» **The data**:
....

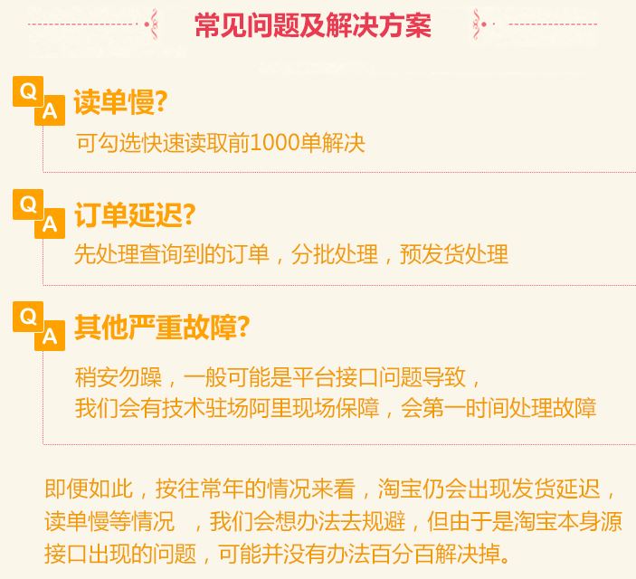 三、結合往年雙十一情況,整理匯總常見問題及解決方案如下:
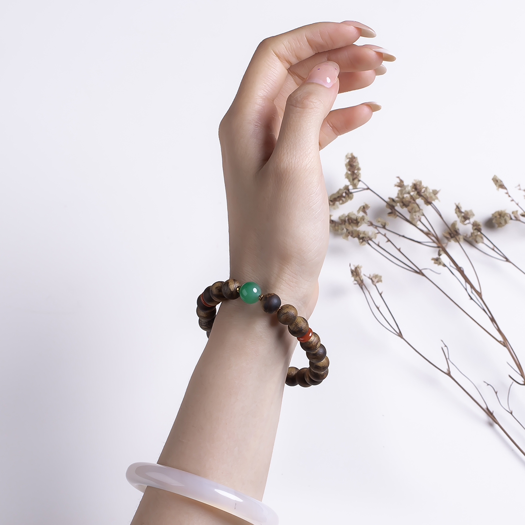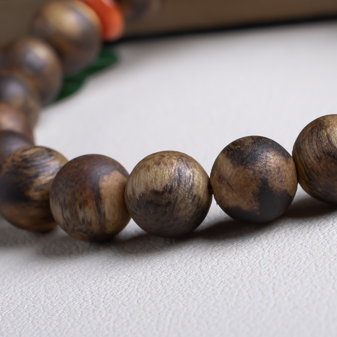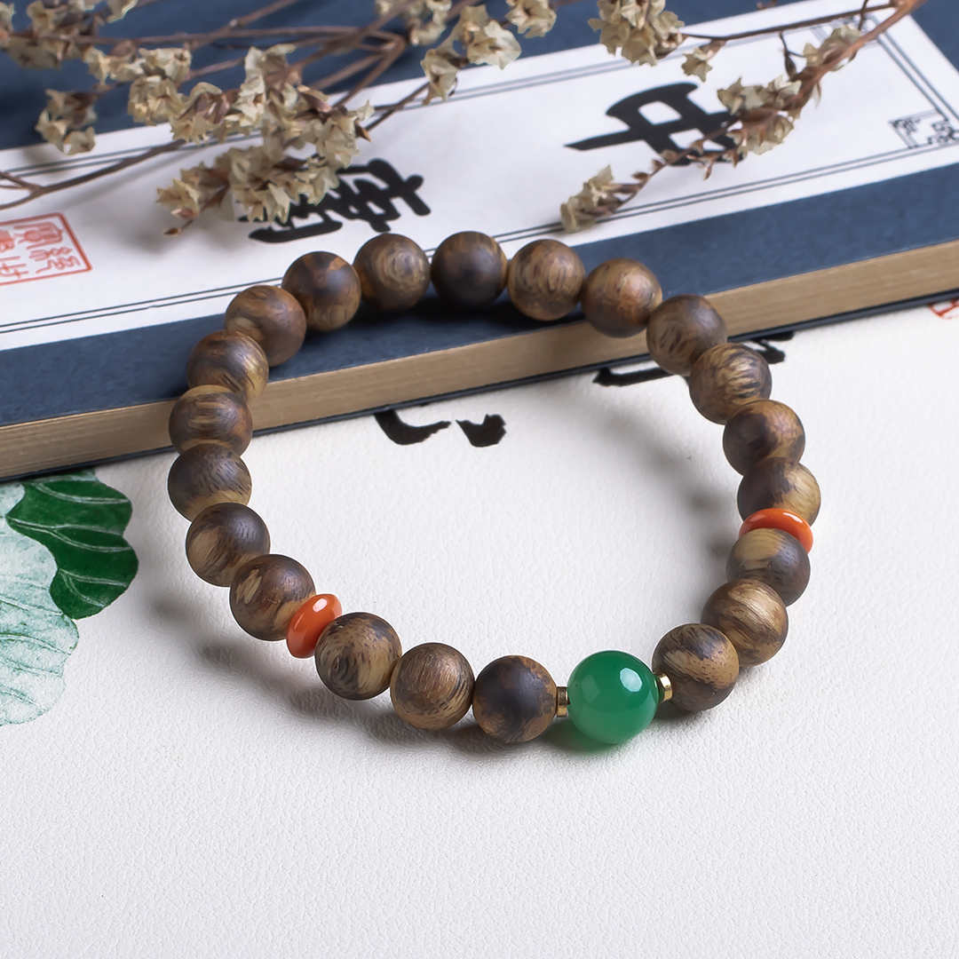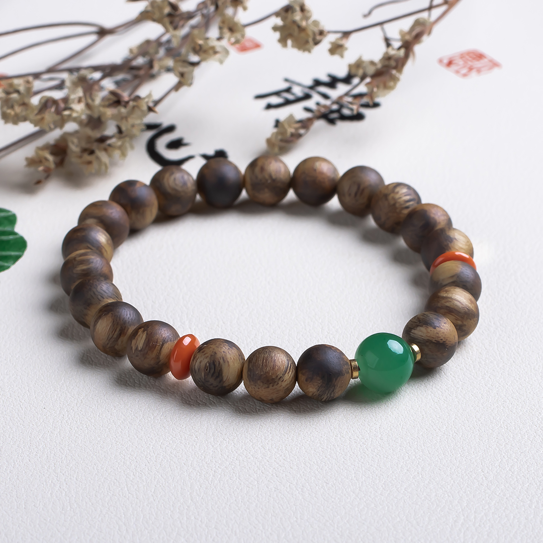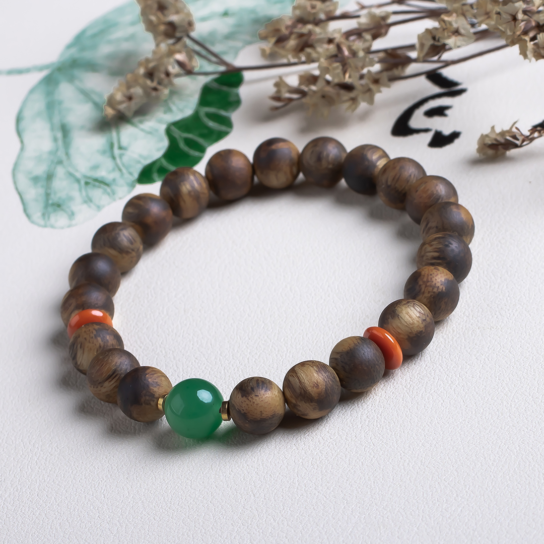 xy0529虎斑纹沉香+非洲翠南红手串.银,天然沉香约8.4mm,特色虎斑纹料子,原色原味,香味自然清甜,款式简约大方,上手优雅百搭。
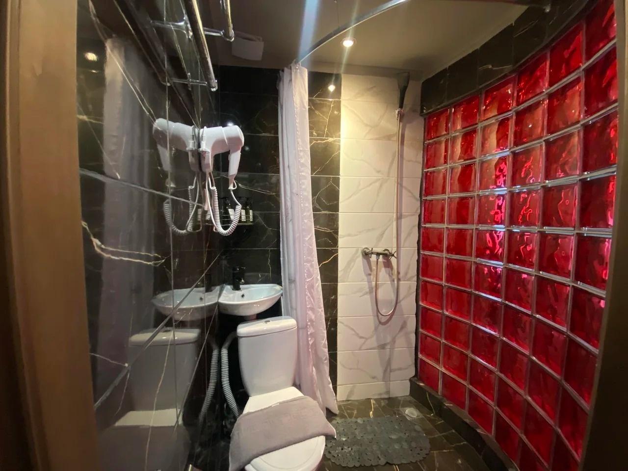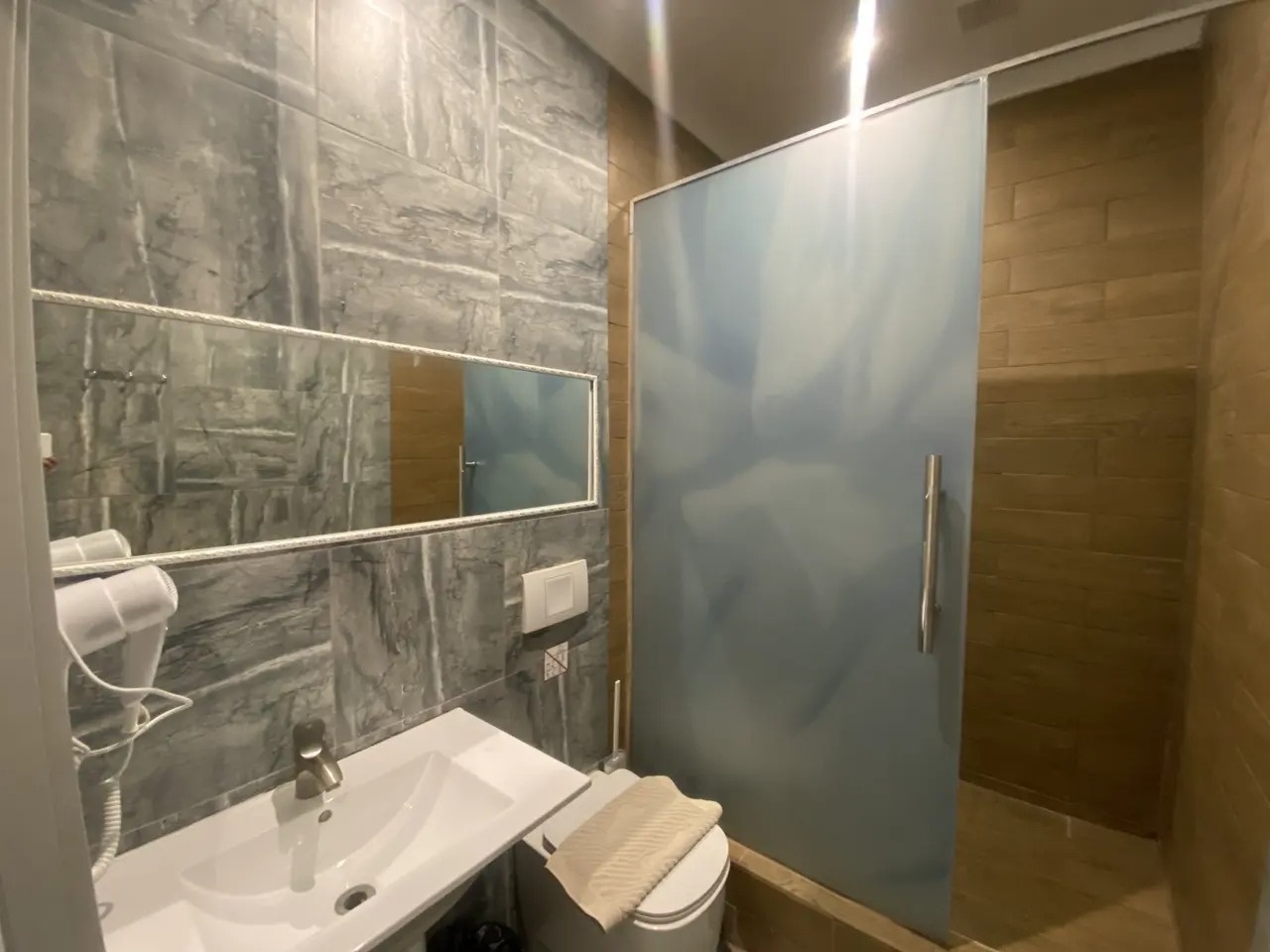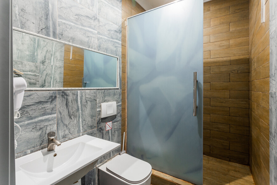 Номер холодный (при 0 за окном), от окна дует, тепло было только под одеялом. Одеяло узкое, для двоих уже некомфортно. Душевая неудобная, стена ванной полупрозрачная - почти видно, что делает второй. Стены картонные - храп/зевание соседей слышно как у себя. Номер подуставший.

....

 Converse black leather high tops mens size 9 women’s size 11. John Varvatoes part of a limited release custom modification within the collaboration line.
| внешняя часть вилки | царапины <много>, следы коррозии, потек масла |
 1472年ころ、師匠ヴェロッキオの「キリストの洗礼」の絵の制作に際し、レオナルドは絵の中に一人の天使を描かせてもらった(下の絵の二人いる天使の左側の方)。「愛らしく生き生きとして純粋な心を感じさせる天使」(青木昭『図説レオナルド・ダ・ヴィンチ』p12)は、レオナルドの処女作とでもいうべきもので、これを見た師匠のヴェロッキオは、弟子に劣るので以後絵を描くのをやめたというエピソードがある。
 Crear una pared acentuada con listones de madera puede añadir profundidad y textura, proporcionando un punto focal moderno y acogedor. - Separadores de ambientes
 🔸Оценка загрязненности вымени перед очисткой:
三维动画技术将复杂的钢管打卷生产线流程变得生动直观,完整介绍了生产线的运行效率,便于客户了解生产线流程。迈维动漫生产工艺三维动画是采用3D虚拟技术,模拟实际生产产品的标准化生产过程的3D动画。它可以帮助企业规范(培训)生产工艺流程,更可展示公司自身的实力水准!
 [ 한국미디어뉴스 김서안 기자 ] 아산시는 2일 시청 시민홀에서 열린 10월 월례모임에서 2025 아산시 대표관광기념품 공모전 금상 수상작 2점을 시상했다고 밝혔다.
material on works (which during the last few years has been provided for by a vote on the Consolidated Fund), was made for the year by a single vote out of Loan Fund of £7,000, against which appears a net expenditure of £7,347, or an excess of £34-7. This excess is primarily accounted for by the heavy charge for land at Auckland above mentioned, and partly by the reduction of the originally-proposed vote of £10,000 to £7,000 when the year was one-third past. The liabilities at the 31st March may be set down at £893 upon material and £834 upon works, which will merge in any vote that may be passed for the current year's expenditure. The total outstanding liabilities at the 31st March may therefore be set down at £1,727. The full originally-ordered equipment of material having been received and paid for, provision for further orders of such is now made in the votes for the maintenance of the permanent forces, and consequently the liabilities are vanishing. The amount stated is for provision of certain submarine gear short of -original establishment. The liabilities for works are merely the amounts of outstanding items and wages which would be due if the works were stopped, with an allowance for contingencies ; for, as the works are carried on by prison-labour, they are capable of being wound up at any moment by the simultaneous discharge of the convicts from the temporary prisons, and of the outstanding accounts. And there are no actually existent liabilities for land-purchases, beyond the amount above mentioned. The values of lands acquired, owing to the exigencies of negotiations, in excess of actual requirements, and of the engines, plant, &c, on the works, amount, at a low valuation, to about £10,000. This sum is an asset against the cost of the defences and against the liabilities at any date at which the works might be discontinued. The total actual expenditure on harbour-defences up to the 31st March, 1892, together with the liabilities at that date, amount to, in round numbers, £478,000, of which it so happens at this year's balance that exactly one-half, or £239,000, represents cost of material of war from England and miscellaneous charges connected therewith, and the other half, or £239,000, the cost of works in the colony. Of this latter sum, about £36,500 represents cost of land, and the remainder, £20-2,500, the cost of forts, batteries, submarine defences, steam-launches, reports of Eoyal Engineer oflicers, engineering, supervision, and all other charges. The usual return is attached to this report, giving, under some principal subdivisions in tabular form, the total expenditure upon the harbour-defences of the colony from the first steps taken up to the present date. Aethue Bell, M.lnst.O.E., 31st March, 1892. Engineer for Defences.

....

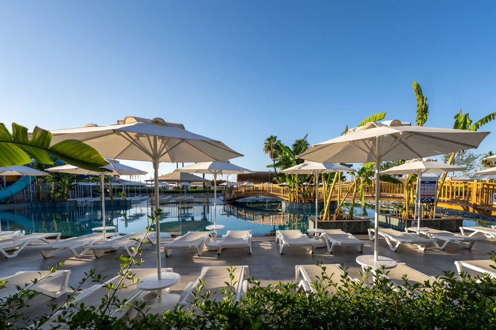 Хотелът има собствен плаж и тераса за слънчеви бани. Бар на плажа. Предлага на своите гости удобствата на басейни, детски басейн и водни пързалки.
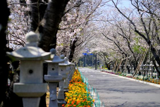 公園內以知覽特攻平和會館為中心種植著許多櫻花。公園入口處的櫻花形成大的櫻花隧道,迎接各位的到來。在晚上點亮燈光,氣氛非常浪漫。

....

» **Work required**:
Using the entries above, extract exactly the span from the line with "загрязненности вымени перед" to the line with "[ 한국미디어뉴스 김서안", both lines included; leave out everything else.

» **Response**:
 🔸Оценка загрязненности вымени перед очисткой:
三维动画技术将复杂的钢管打卷生产线流程变得生动直观,完整介绍了生产线的运行效率,便于客户了解生产线流程。迈维动漫生产工艺三维动画是采用3D虚拟技术,模拟实际生产产品的标准化生产过程的3D动画。它可以帮助企业规范(培训)生产工艺流程,更可展示公司自身的实力水准!
 [ 한국미디어뉴스 김서안 기자 ] 아산시는 2일 시청 시민홀에서 열린 10월 월례모임에서 2025 아산시 대표관광기념품 공모전 금상 수상작 2점을 시상했다고 밝혔다.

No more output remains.